I obtained county level demographic data in csv form from the US Census Bureau website. I selected the demographic features to use for modeling based upon exit polls and other information about characteristics driving support for Joe Biden in the 2020 US presidential election. I downloaded the county level 2020 presidential election results in csv form from the Harvard Dataverse website. After reading the data into Pandas and scrubbing the county names to match across the csv files, I merged the datasets together. This resulted in 22 pre-scrubbing variables across 826 datapoints.

Scrub Data

Many variables in the dataset were feature population counts heavily correlated with the overall population of each county. In order to make these features values comparable across counties of different sizes, I divided them by their county populations to turn them into proportions (Ex: Bachelor's Degree Population / Total Population = Bachelor's Degree Proportion). I coded the dependent class variable, Winning Candidate, into Biden Counties and Trump counties based on the candidate that received the greater vote share in each county.
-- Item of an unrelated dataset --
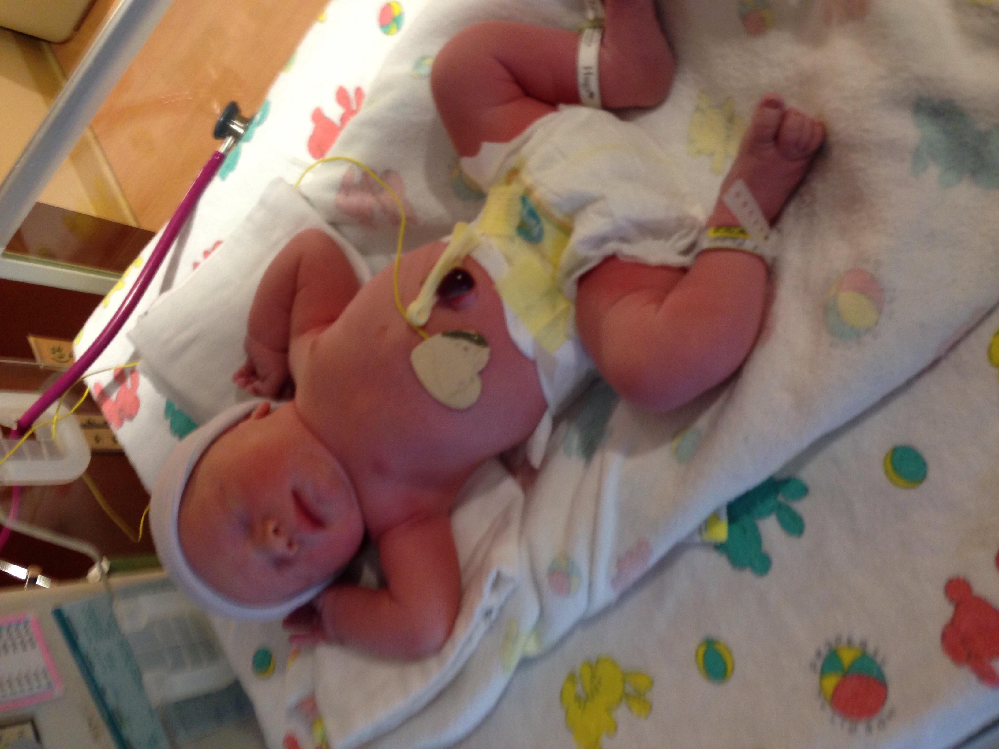 On October 17 I went for my routine growth ultrasound followed by my 37 week appointment. The ultrasound showed low fluid around the baby. After the nurse checked my blood pressure she said how would you like to have a baby tonight. The fluid was measuring at 2.3 cm. The lowest they would lke to see was 5 cm. They were not sure why the fluid was low. It could of been a slow leak or the placenta wasn't doing its job anymore. My midwife checked me and I was only 1 cm dilated and cervix was still hard and high. They sent me right across the street to the hospital to be induced. Took forever to get admitted. They finally got the pitocin started about 8 p.m.

I then dropped all features no longer useful for modeling after calculating these interactions.

In order to deal with missing data, I first filled in two missing feature values using manually researched numbers. I imputed the remaining missing datapoints with KNN Imputer. This avoided having dropped datapoints reduce the sample size, while replacing missing values with the most accurate numbers possible. I next used Isolation Forest to identify the greatest outliers in the dataset. I didn't find any incorrectly entered or anomalous datapoints that needed to be dropped. However, I decided to replace all dataset values greater than 5 standard deviations from the mean with the 5 standard deviation value. This would mitigate the normal decrease in model performance caused by a feature values far from the mean.

After scrubbing, the election classification dataset included 826 datapoints across 13 features.

Explore Data

The 2020 presidential election dataset was moderately class imbalanced with 315 Biden class datapoints (38% of total) and 511 Trump class datapoints (62% of total). I decided not to re-balance the dataset as it was close enough to class balanced to allow for effective modeling and I was unsure about the impact of rebalancing on model performance. I instead used f1 score as the principal evaluation metric to ensure that the modeling process would prioritize being effective at predicting both classes.
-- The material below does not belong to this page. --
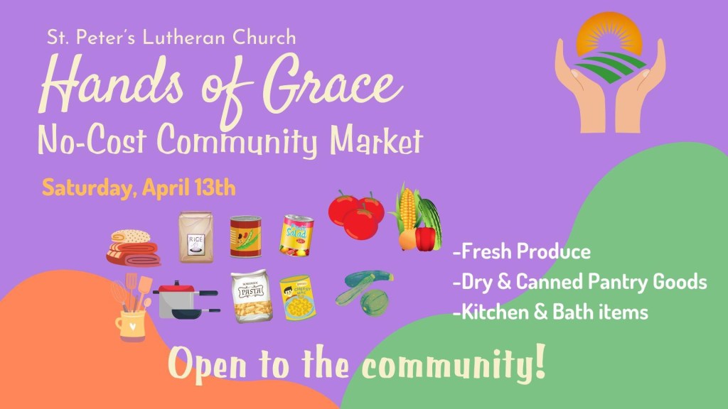Details: Open to the community for fresh produce, dry & canned pantry items, kitchen & bath items.

I used Variance Inflation Factor to find correlated features that would skew the Logistic Regression feature coefficients. I dropped Per Capita Income as its .82 correlation with Bachelor's Degree Proportion was the primary driver of both features' VIF scores above 5. After dropping this feature, Bachelor's Degree Proportion had the highest VIF score at only 2.7, meaning no excessive correlation remained in the dataset.

Model Data

I built 4 classification models, all of which significantly outperformed the baseline Stratified Dummy Classifier (Test f1 score: .44). The top performing model with feature coefficients was l2 Logistic Regression (Test f1 score: .80). The top performing overall model was Adaboost (Test f1 score: .81), which also provided access to feature importances. Logistic Regression and AdaBoost had equal test set accuracy scores (Test accuracy: .86).
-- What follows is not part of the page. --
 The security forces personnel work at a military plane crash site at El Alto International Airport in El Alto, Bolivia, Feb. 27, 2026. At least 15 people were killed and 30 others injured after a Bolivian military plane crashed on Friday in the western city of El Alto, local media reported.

The confusion matrices confirmed strong modeling results for the 2020 county level presidential election results dataset. Logistic Regression had an accuracy of .85 on predicted Trump counties and .89 on predicted Biden counties. Similarly, AdaBoost scored a .87 accuracy on Trump class predictions and .85 on Biden class predictions. The consistent modeling results across both classes confirmed that strong performance was possible without the need for resampling to balanced classes.

Analyze Results

Logistic Regression modeling produced four positive coefficients predicting county level support for Joe Biden (Bachelor's Degree Proportion, Population Density, Hispanic Population Proportion and Unemployment Rate). There were an additional four features that did not strongly predict support for Joe Biden (Sex Ratio (M/F), Median Age, Agricultural Employment Proportion and Disability Proportion). Finally, four features negatively influenced support for Joe Biden (White Population Proportion, Mining Employment Proportion, Veteran Population Proportion and Manufacturing Employment Proportion). Overall, the strongest coefficients influencing county level support for Joe Biden were Bachelor's Degree Proportion (.87), White Population Proportion (-.66), Population Density (.49) and Mining Employment Proportion (-.49).

AdaBoost feature importances were largely consistent with the coefficients from Logistic Regression. The two most importance features, Bachelor's Degree Proportion (.16) and Mining Employment Proportion (.14), were among the four most influential coefficients in Logistic Regression. On the other hand, the two least important features in AdaBoost, Manufacturing Employment Proportion (.02) and Median Age (.04), were among Logistic Regression's five least influential coefficients.

Conclusion

I set out to build a model that would provide a holistic view of how demographic features interacted to drive county level support for Joe Biden in the 2020 presidential election. This would improve upon traditional exit polling, which provides a siloed view of how individual demographic features relate to political support but not how they relate to one another.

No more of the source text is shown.